** Data section follows **

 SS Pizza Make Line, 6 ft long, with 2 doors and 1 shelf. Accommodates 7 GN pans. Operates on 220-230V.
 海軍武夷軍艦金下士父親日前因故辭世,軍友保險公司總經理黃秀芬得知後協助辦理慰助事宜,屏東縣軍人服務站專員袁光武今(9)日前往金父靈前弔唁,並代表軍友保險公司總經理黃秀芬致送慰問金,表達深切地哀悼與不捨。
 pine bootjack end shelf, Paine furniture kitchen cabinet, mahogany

** End of Data section **

*To do*. Everything in the listing above should be printed again exactly.

*Reply to the exercise*.
 SS Pizza Make Line, 6 ft long, with 2 doors and 1 shelf. Accommodates 7 GN pans. Operates on 220-230V.
 海軍武夷軍艦金下士父親日前因故辭世,軍友保險公司總經理黃秀芬得知後協助辦理慰助事宜,屏東縣軍人服務站專員袁光武今(9)日前往金父靈前弔唁,並代表軍友保險公司總經理黃秀芬致送慰問金,表達深切地哀悼與不捨。
 pine bootjack end shelf, Paine furniture kitchen cabinet, mahogany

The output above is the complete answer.